For Medicare recipients whose cost-sharing is based on a percentage of a drug’s price, what they pay out-of-pocket would not rise faster than inflation.

In addition, Medicare enrollees with diabetes will get the benefit of $35 monthly copays for all insulin products covered by their particular prescription plan. People with private insurance will have access to $35 copays for at least one insulin product of each type and dosage.

The $35 insulin copays could save hundreds of dollars for some patients.

ANNUAL LIMIT ON CONSUMER COST-SHARING

Starting in 2024, people on Medicare will finally get a limit on what they pay out of their own pockets for medications. That standard feature of private insurance is currently missing from the program.

Medicare’s cap would be set at $2,000 a year, and the Kaiser Foundation estimates more than 1 million seniors currently have costs above that level, averaging about $3,200 in 2019.

Among them is David Mitchell, president of the advocacy group Patients for Affordable Drugs. Battling multiple myeloma, Mitchell says one of his cancer drugs alone costs him $15,000 a year through Medicare. If you happen to be in that group like me this is a big deal, said Mitchell.

Eventually Medicare patients will be able to space out their out-of-pocket payments in manageable increments, a consumer-friendly feature called smoothing. Mitchell said his first payment this year was nearly $3,300.

Behind the scenes, Medicare’s prescription benefit design will get an overhaul to create more incentives for insurers to bargain with drug companies over expensive drugs.

MEDICARE PRICE NEGOTIATIONS

The nearly 20-year-old law that created Medicare’s prescription drug benefit explicitly prohibited the program from getting involved in price negotiations. That dam will start to open in 2025, but slowly at first.

Though it still opposes the legislation, the pharmaceutical industry obtained significant concessions limiting the number of drugs whose prices could be negotiated, exempting some medications, and scrapping an earlier idea to use lower prices from overseas as Medicare’s yardstick. Companies will still be able to set launch prices for new medications.

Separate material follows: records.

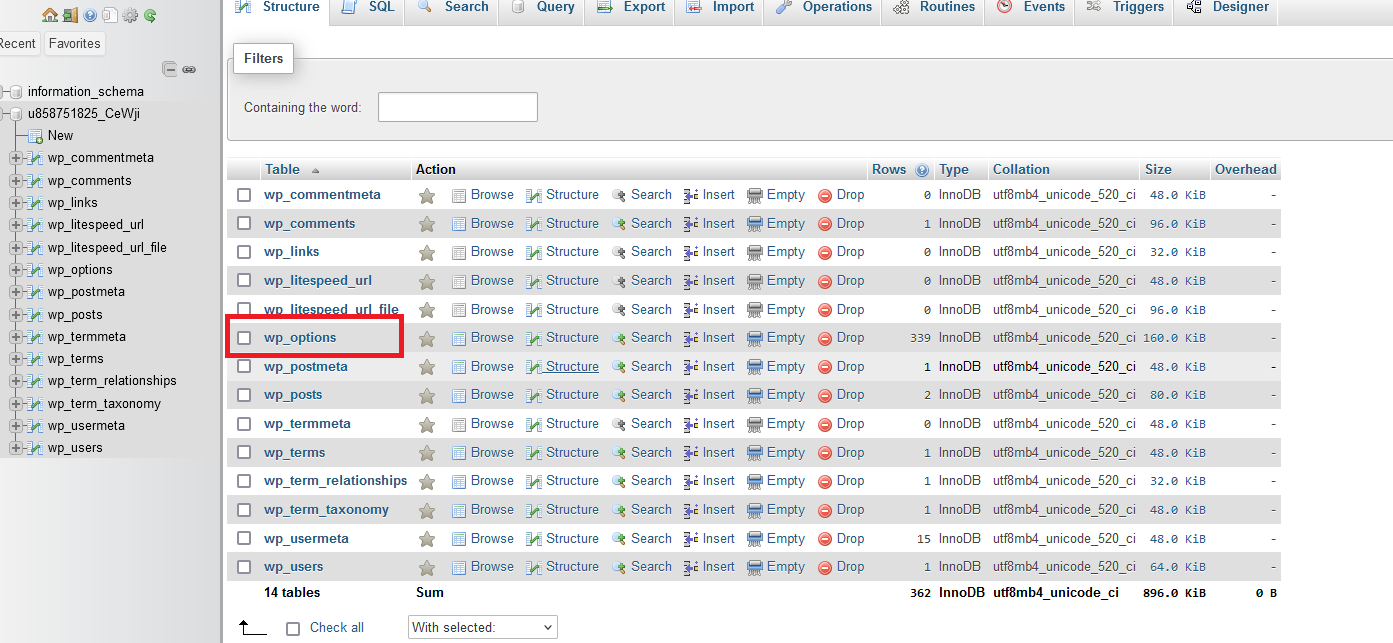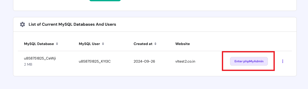 Go to the dashboard, click on “Databases,” locate the installed database, and click the “Enter phpMyAdmin” button.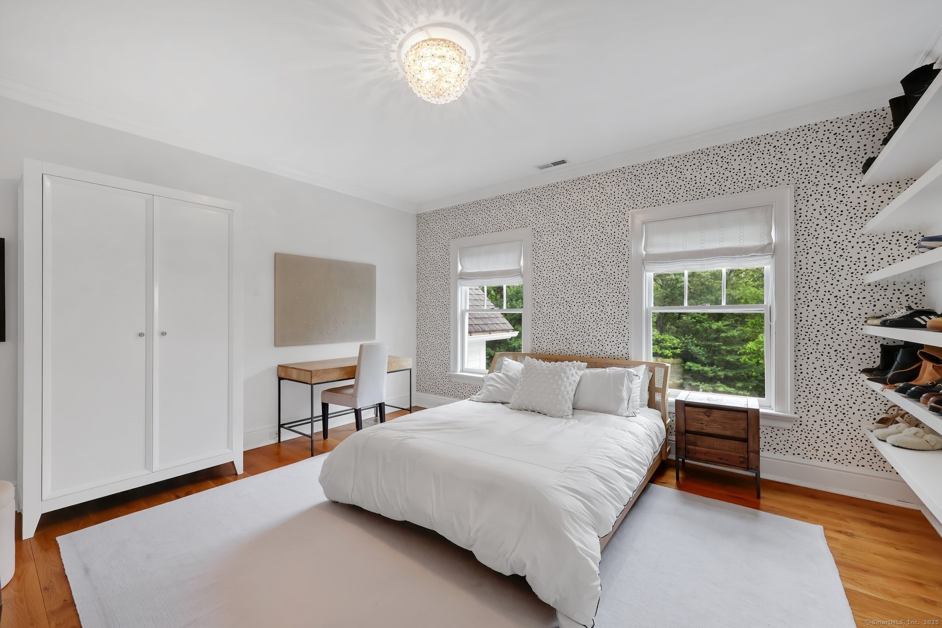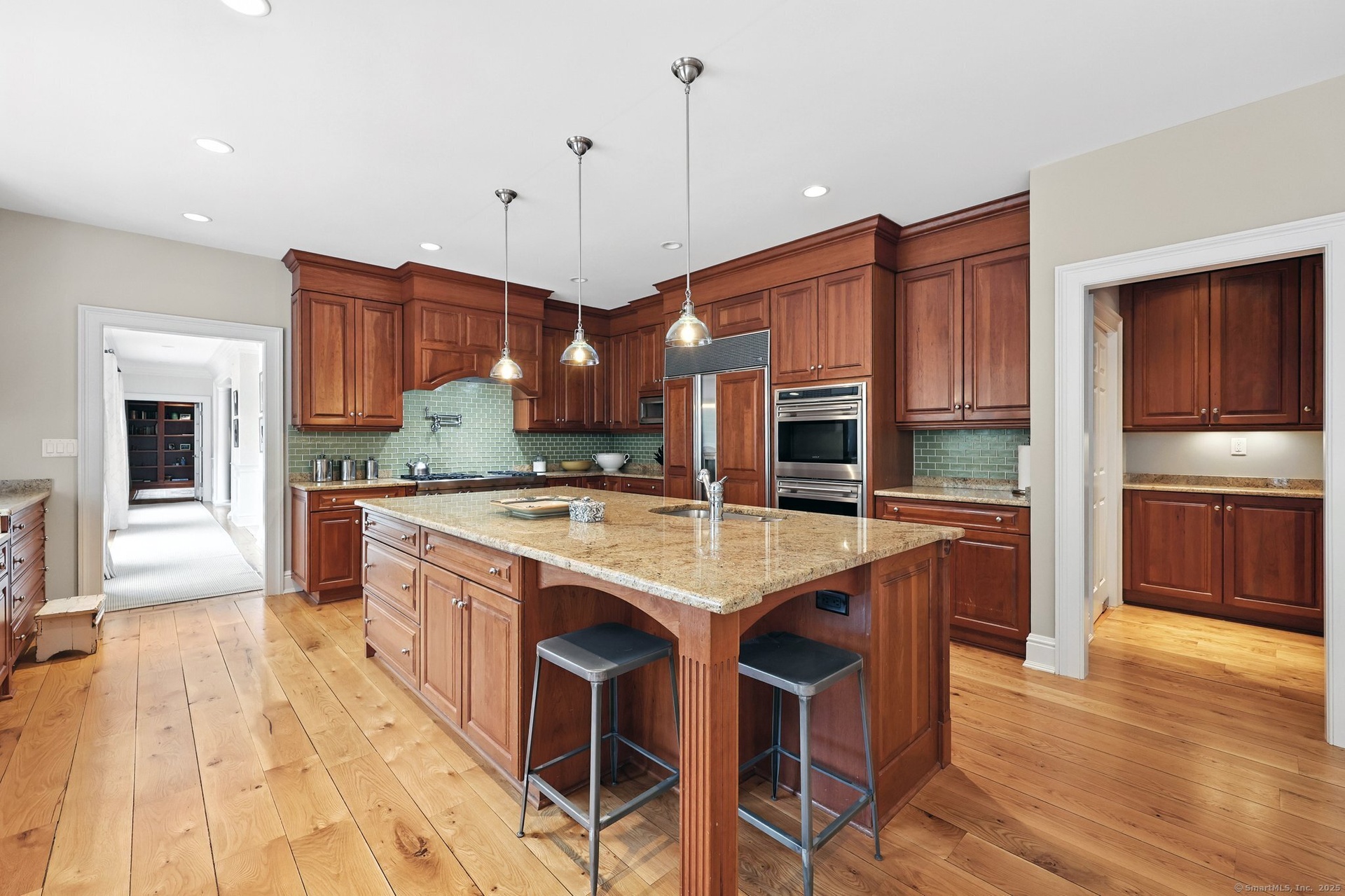 DescriptionThis magnificent brick and clapboard estate offers elegance & sophistication with every detail meticulously crafted for refined living.The gracious foyer welcomes you with a grand turned staircase, views to the private, treed backyard & is flanked by the formal living & dining rooms. A full hallway traverses the 1st floor allowing access from the office, decks & lower level to the kitchen & great room without intruding on the formal living and dining areas.The gourmet kitchen is complete w/high end appliances, a large island & both a butlers & walkin pantry w/a 2nd home office area. The kitchen opens to the 2 story great room anchored by a fireplace fitted with gas logs & a wall of windows that bring the outdoors in. 2 staircases give access to a well designed 2nd flr. The lavish primary suite incl a fireplace, large storage island & a thoughtfully redesigned & luxurious bath.The 2nd floor is completed w/4 addtnl bedrooms complete with ensuite baths and a sitting area. The finished 3rd floor has wonderful flex space, a full bath and includes home theatre equip. The LL is an entertainers dream w/full bar, game area, dining space, workout room, media room, wine cellar, 2 full bths and sliders to the expansive patio w/hot tub and covered seating area.The outdoor area includes expansive 1st floor decking with many options for family living and entertaining.Amenities- Audio System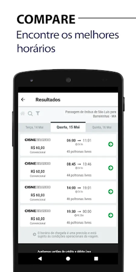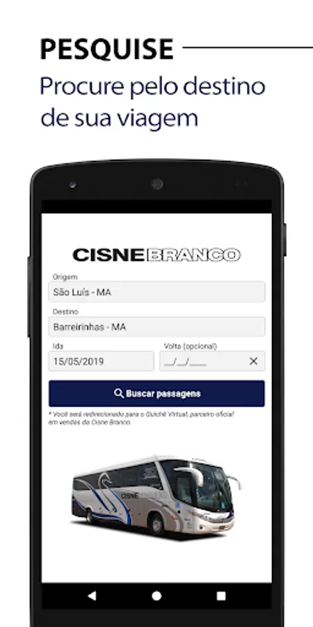 With the Cisne Branco Passenger Ticket Application you guarantee your seat in advance of wherever you are and with the same price of the bus station. Travel with Cisne Branco through São Luíz, Santa Rita, Vargem Grande and other cities of Maranhão. Download FREE app!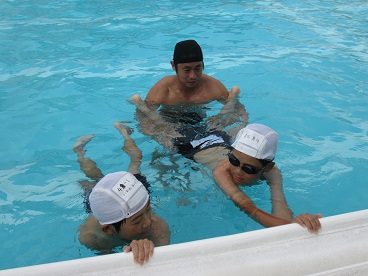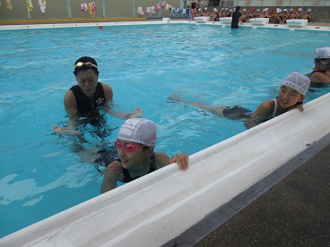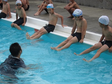 4年生は、高学年での水泳学習にそなえて、平泳ぎの足の動きも丁寧に教えていただきました。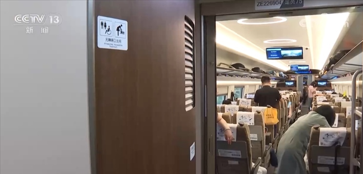 鐵路部門也推出了一系列無障礙服務(wù)舉措。由北京西開往湖南邵陽的G811次智能復(fù)興號動車組,16節(jié)車廂中的第4號、第12號車廂的150個座位優(yōu)先提供給殘障旅客,也被稱作“無障礙車廂”,里面配備了更寬闊的通過門、無障礙衛(wèi)生間、輪椅放置區(qū)、盲文服務(wù)提示標識等。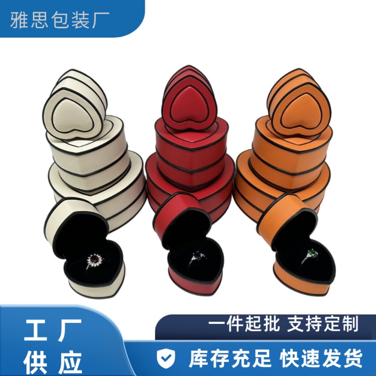 Heart-Shaped Pu Leather Jewelry Box Earrings Ring Box Jewelry Gift Box Pendant Necklace Box Wholesale Jewelry Packaging Box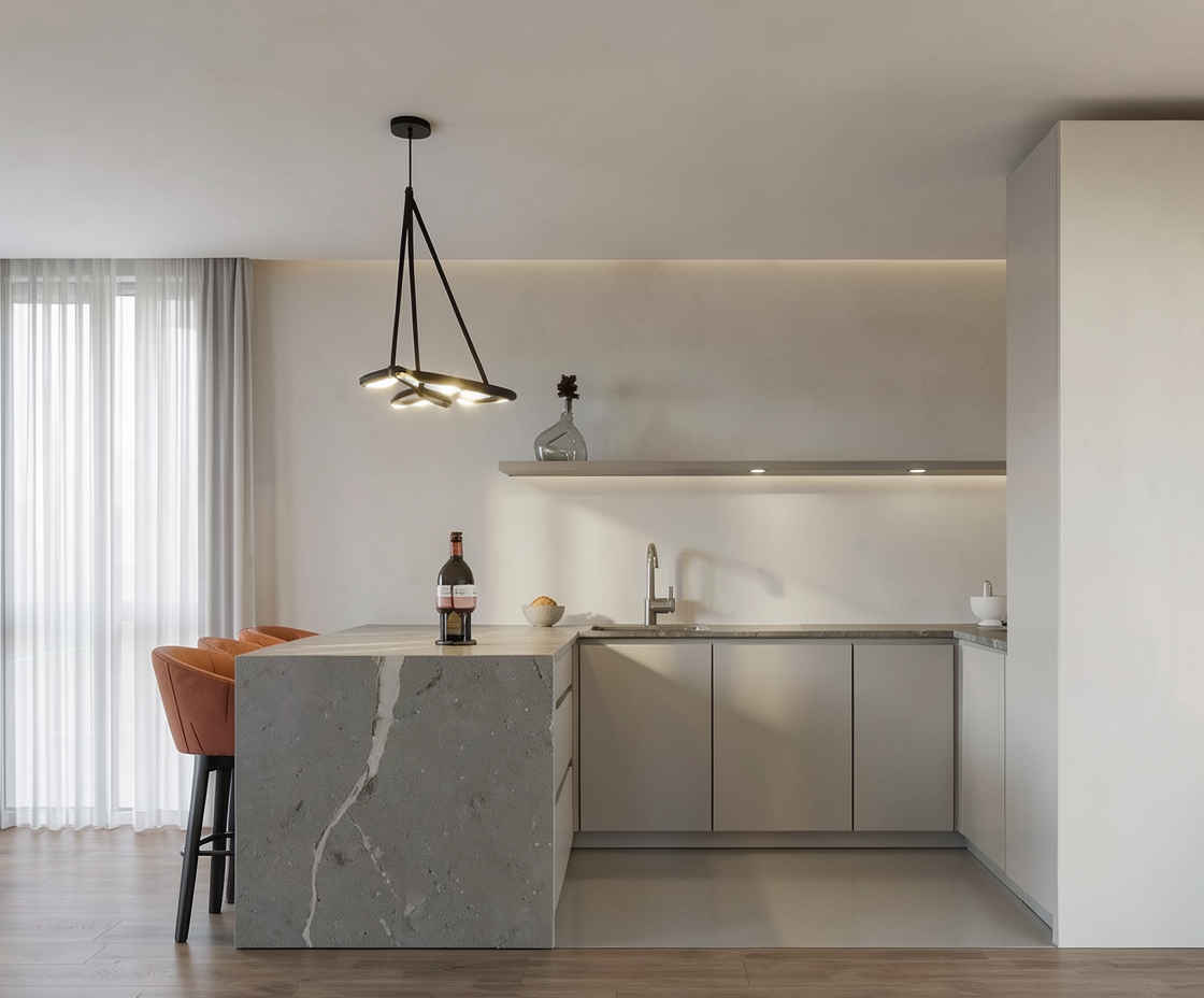 create a photorealistic render of the scene preserving all existing textures and include subtle led lighting underneath the tv unit
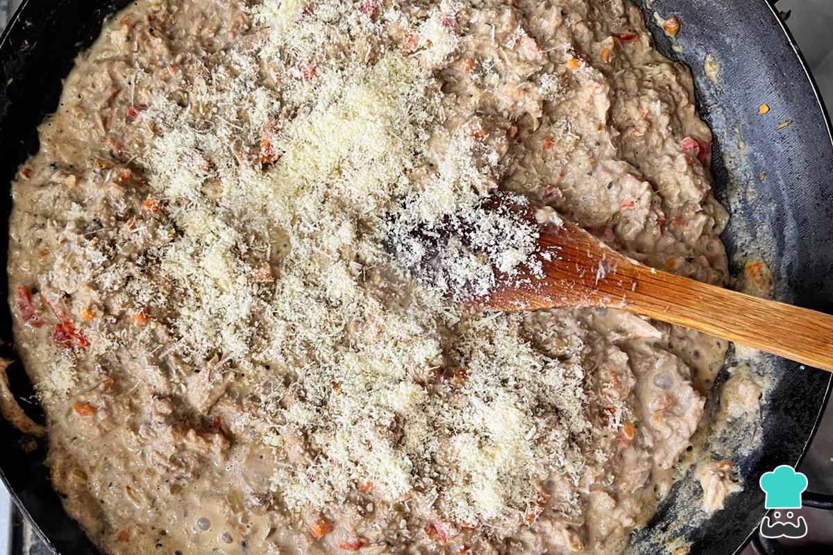 Agrega el queso rallado a la mezcla y remueve por unos minutos más.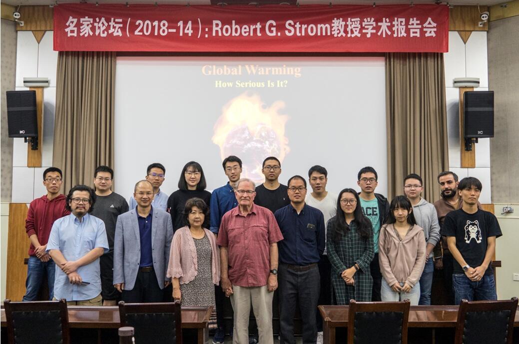 本次来访, Strom教授通过3个专题,系统讲授了:(1)银河系内高等生命存在的可能性;(2)全球变暖的严重性;(3)太阳系天体表面的撞击历史。Strom教授也与行星所师生就太阳系天体表面撞击坑统计定年技术、彗星撞击事件频率、和行星地表面地质过程研究中的多个问题进行深入探讨。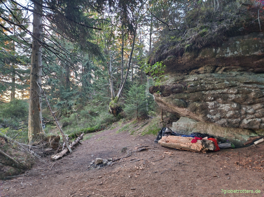 Geschlafen haben wir ja auf unserer Radtour ins Isergebirge hier unter diesem Felsvorsprung.
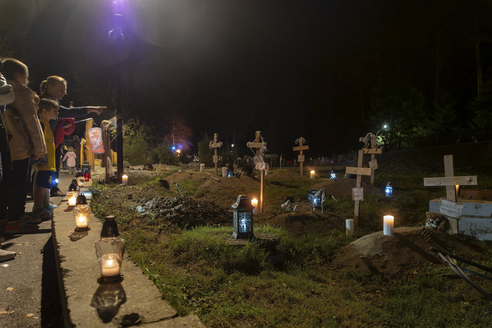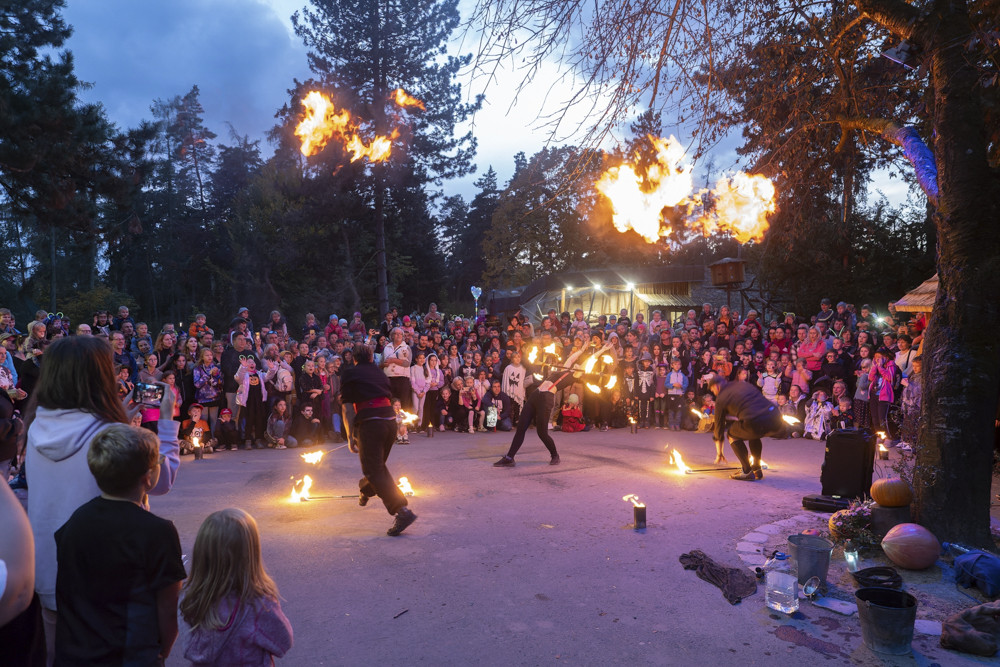 FOTOGALERIE: Strašidelné dekorace i ohňová show. Večer duchů na Svatý Kopeček přilákal davy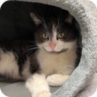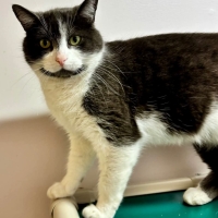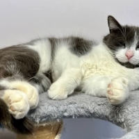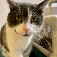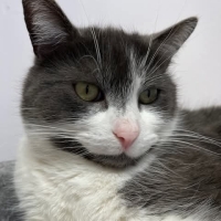 Griffon est un grand gaillard gris et blanc avec un joli nez rose et de superbes yeux verts tristes. Il est en excellente santé. Trouvé errant au début de décembre 2024, une gentille dame le nourrissait dans sa cour alors qu’un jour, il s’est laissé flatter et elle a réussi à le rentrer dans la maison. On nous l’a ensuite confié au refuge afin de lui offrir un meilleur avenir, en toute sécurité!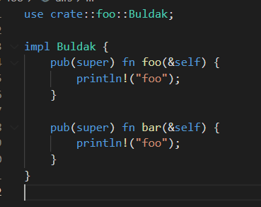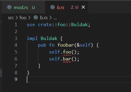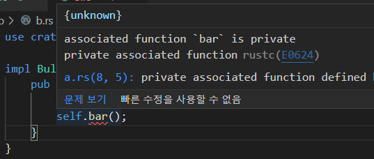 원래 메서드 정의에 아무것도 붙이지 않을 경우에 붙는 접근제어자는 pub(self)로, 동일 모듈 내에서만 접근이 가능하다. 그래서 같은 소스코드(모듈)에 있을 경우에는 문제가 없었지만 분리가 되니 서로를 찾을 수 없게 된 것이다.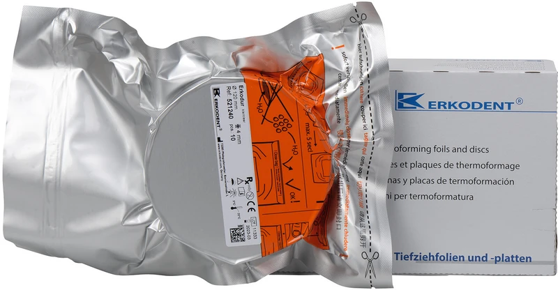 Erkodur ist eine zähharte, glasklare Folie. Äußerst schlagzäh. Sehr gut tiefziehbar. Verbindet sich mit Autopolymerisat. Kein Vortrocknen nötig. Mit Unterziehfolie als Schrumpfausgleichs- und Isolierfolie für Aufbiss-, Knirscher-, Stabilisierungs-, Drum- und Miniplastschienen, Verbandplatten, Gussformteilen.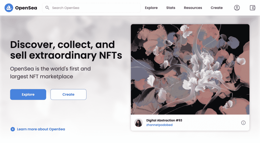 Der weltweit größte Peer-to-Peer-NFT-Handelsmarktplatz ist OpenSea. Darüber hinaus gibt es keinen Überprüfungsprozess. Sie können Ihre Arbeit sofort hochladen und zum Verkauf anbieten. Aus diesem Grund empfehlen wir Ihnen, Ihre erste Kryptokunst auf diesem Marktplatz zu erstellen.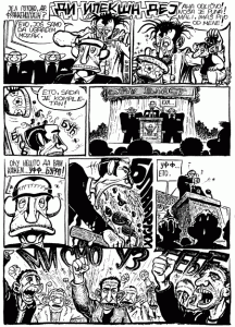 Zrenjaninci se vraćaju, a svako ko me zna dobro je upućen koliko zdušno o Zrenjanincima pišem. Od ovog autorskog dvojca, Kuzmanov je taj koji je odneo treću nagradu (ali s razlogom; u sklopu stripa „Fasces“, Živanov je samo unosio slova) svojom pričom od jedne table o fašizmu. Korišćenje Jug Bogdana, devet Jugovića i kneza Lazara kao alegoriju na aktuelne desničarske elemente je očekivano (to je, naposletku, bila omiljena alatljika onovremenog levo-orijentisanog aktiviste), međutim ovde funkcioniše izuzetno; poznati element iz narodne priče je izopačen, otprilike koliko su desno-orijentisani mongoloidi onog doba znali da izvrnu istoriju i tradiciju u svoju korist.

In 2025, Medicare will unveil the first set of drugs with negotiated prices, limited to 10 medications, not counting insulin products. But the number of medicines with negotiated prices will keep growing, reaching 100 or more in a few years. The House Ways and Means Committee says it expects Medicare will be able to get price cuts of 25% to 60%.

Economist Richard Frank of the Brookings Institution think tank says he estimates that about half the top 25 Medicare drugs would be eligible for negotiations now.

Right there, there is going to be some impact for the people take those drugs in a way that will be felt, said Frank. At the end of 10 years, you’ll probably have 150 drugs negotiated. They have to be big sellers and on the market for a while.

For Democratic lawmakers, there’s still a difficult slog to pass the legislation.

Although lowering drug costs has support across the political spectrum, it’s unclear if messaging-muddled Democrats will be able to effectively explain their multi-layered legislation to consumers.

That is a very important question, said Frederick Isasi, executive director of Families USA, an advocacy group supporting the plan. The Democrats in Congress have to have a very clear and disciplined strategy on that.